In order to speed up the computation the customers with less than 5 shopping sessions are excluded from the analysis.

In [7]:
min_baskets = 5

In [8]:
customers_to_drop = baskets[baskets.apply(len) < min_baskets].index

In [9]:
baskets.drop(index=customers_to_drop, inplace=True)

In [11]:
transactions = df[df.CustomerID.isin(baskets.index)].groupby('BasketID')['ProdID'].unique().apply(list)
transactions.head()

BasketID
536365       [85123A, 71053, 84406B, 84029G, 84029E, 21730]
536366                                              [22633]
536367    [22745, 22748, 22749, 22310, 84969, 22623, 217...
536368                         [22960, 22913, 22912, 22914]
536369                                              [21756]
Name: ProdID, dtype: object

In [12]:
df2 = pd.DataFrame(columns=['CustomerID', 'basket_list'])
for CustomerID in baskets.index:
    current_customer_row = []
    for BasketID in baskets.loc[CustomerID]:
        transaction_date = df[df.BasketID == BasketID].BasketDate.unique()[0]
        basket_log = [transaction_date, transactions.loc[BasketID]]
        current_customer_row.append(basket_log)
    current_customer = pd.DataFrame(data= {'CustomerID': CustomerID, 'basket_list': [current_customer_row]})
    df2 = pd.concat([df2, current_customer])

In [13]:
df2.set_index('CustomerID', inplace=True)

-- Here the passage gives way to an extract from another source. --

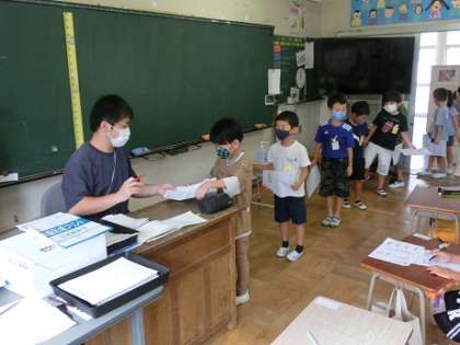 1年生が10より大きい数の学習をしています。2組は、問題のプリントをやった後、一人一人先生に見てもらっています。待っている人たちが前の人との距離に気をつけて待っていました。子供たちは、自分たちでも感染予防に努めています。

This is the new structure accomodating both the sequence of products and the date of their purchase.

In [14]:
df2

Unnamed: 0_level_0,basket_list
CustomerID,Unnamed: 1_level_1
12347.0,"[[2010-07-12, [85116, 22375, 71477, 22771, 227..."
12352.0,"[[2011-02-16, [21380, 22064, 21232, 22646, 227..."
12362.0,"[[2011-02-17, [21913, 22431, 22432, 21746, 217..."
12381.0,"[[2011-12-08, [47566, 16169E, 21481, 22945, 22..."
12383.0,"[[2010-12-22, [21121, 21122, 21124, 21125, 211..."
...,...
18257.0,"[[2011-02-16, [85099B, 22957, 22502, 22961, 22..."
18260.0,"[[2010-12-16, [79321, 22452, 22453, 22454, 220..."
18272.0,"[[2011-07-04, [20754, 21563, 71459, 22557, 229..."
18283.0,"[[2011-06-01, [22356, 20726, 22384, 22386, 207..."


In [18]:
print("Number of input sequences: ", len(dataset))
print("Total number of events: ", sum([len(seq) for seq in dataset])) 

Number of input sequences:  1046
Total number of events:  12784


Unfortunately the analysis does not continue beyond the definition of the structure due to the proximity of the deadline.